Seed World

Understanding the Long-Term Impact of Human Actions

Sustainable Agriculture in the EU – Part 1

Almost 50% of the EU territory is covered by farmland (both arable land and permanent grassland) leaving a key role for agriculture to play in land management and bestowing it a big responsibility in the preservation of natural resources. The EU Commission calls the desired relationship between agriculture and the environment “sustainable agriculture” and calls for management of natural resources in a way which ensures that their benefits are also available for the future. European Seed took a deep dive into Sustainable Agriculture and sat down with Marc Cornelissen, Sustainability Lead for Seeds and Traits at BASF, and President of the European Technology Platform (ETP) “Plants for the Future” to get his take on the topic.

This is the first article in the two-part series in Sustainable Agriculture in Europe. Part 2 will appear in the following issue of European Seed.

European Seed (ES): Marc, in a nutshell, what is sustainable agriculture?

Marc Cornelissen (MC): I guess you are raising immediately the key question. The term “sustainable agriculture” has been defined by multiple parties across the globe and consequently is differently understood in the details. The different definitions do share however the vision that agriculture should have a long term environmental and economic viability and deliver to today’s society and its future generations the necessary output in diversity, quantity and quality.

Such vision does breathe the importance of meeting societal demand, economic requirements, and environmental targets with a long-term perspective, and immediately highlights the issue that depending on where you are on our planet, the “as is” situation will be quite unique and will show different shortcomings.

Ideally, the sector, policy makers and society advance their common understanding on what the desired embodiment of “sustainable agriculture” is, and, equally important, how it relates to influential themes like climate change mitigation, energy transition, healthy diet, business continuity, digitalization and big data, robotization, and social services. It is in this complex, multi-dimensional space that the migration of agriculture to sustainable practices and products will take place and needs to be promoted through smart supportive policies.

Figure 1. Migration to sustainable agriculture will take place in a setting with a multitude of change drivers and will get headwinds and backwinds that will differ between world regions.

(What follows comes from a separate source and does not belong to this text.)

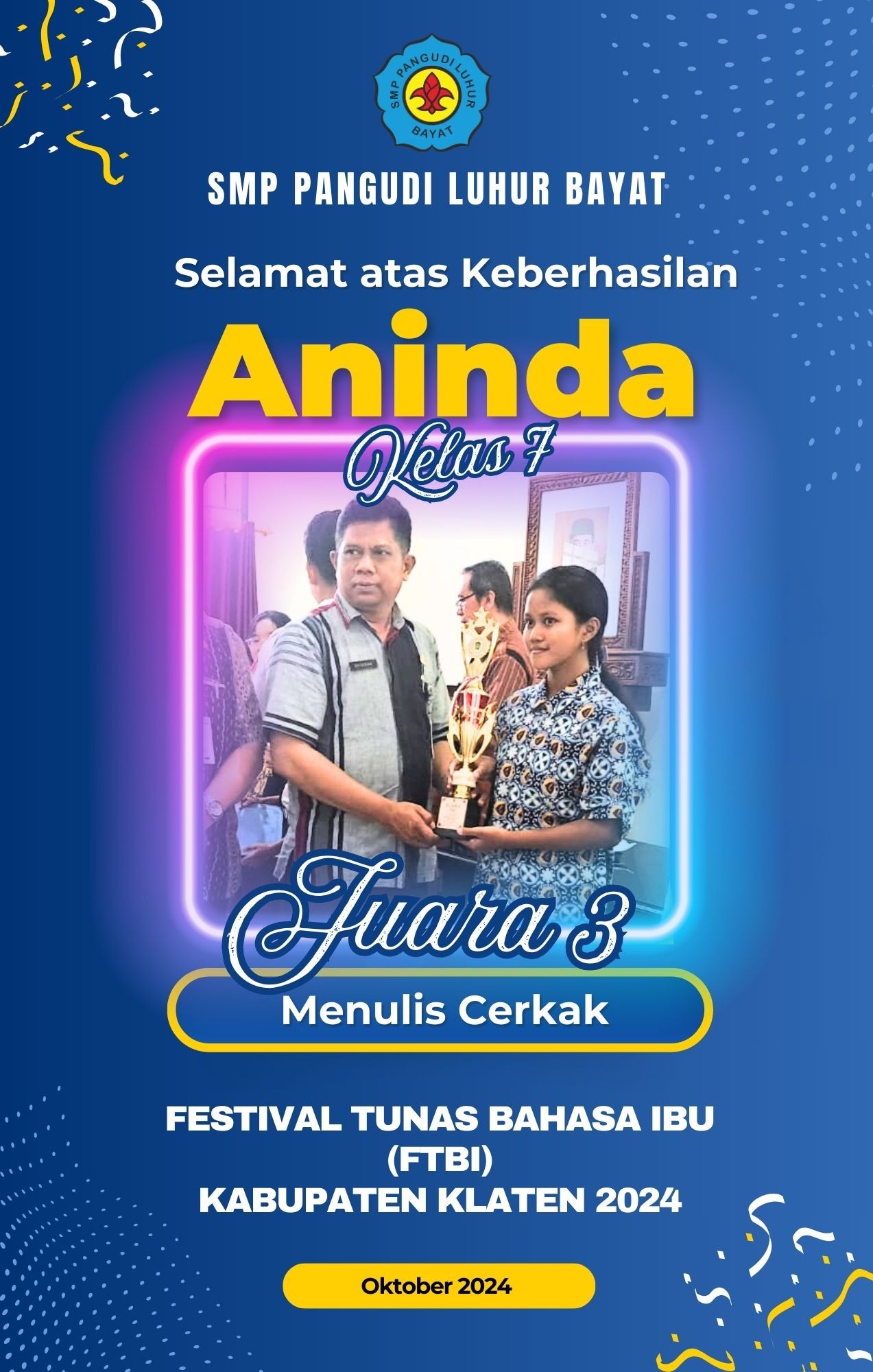 Informasi Juara 3 Lomba Menulis Cerkak - FTBI Kabupaten Klaten 2024
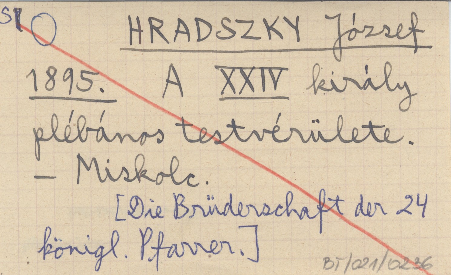 HRADSZKY József 1895 A XXIV király plábénos testvérülete.

ES: Where did we go wrong in the past?

MC: The historic innovations in agriculture focused primarily on raising productivity and quality, and not on avoiding negative impacts on the environment. Agriculture has now arrived at a stage where data show that the level of exploitation of the earth’s resources for food, feed fuel and fiber production has damaged the diversity and quality of flora and fauna, and is about to cause irreversible changes to the earth’s climate. Just for the record: agriculture uses 37% of the world’s land, 70% of all fresh water, and 30% of global energy consumption (agro-food sector).

When transitioning to sustainable agriculture, the prime challenge is to find ways to break out of the rigidity of the socio-economic system in which agriculture is fully locked in. The choice of crops, transport, storage, processors, producers, retailers, consumer behavior, pricing and so on, are all in balance. These elements constitute a predictable flow of materials and financials, and translate into concrete jobs, infrastructures, equipment etc. Changing such an equilibrium requires a cautious and holistic approach in which switching costs and other risks are properly addressed.

Marc Cornelissen

The agricultural value chain is offering here some unique opportunities: being probably the oldest value chain in the world, it offers employment to nearly 30% of global society , and is characterized by a broad diversity of products, production methods, input needs, waste streams, supply chains and business models. This implies that to increase sustainability of agriculture while further growing and tailoring its output, there is an unprecedented variety of short-, mid- and long-term wins possible. The nature of these would depend on the geographic location, local culture and policies, product type(s), ways of producing, and prevalent business models. In addition, critical backwind is offered through policies that encourage customers to shift to sustainable, healthy food and recyclable products. Altogether, the unique socio-economic setting of agriculture offers fundamental levers to rethink how agriculture should produce its future products in different regions and be “sustainable”.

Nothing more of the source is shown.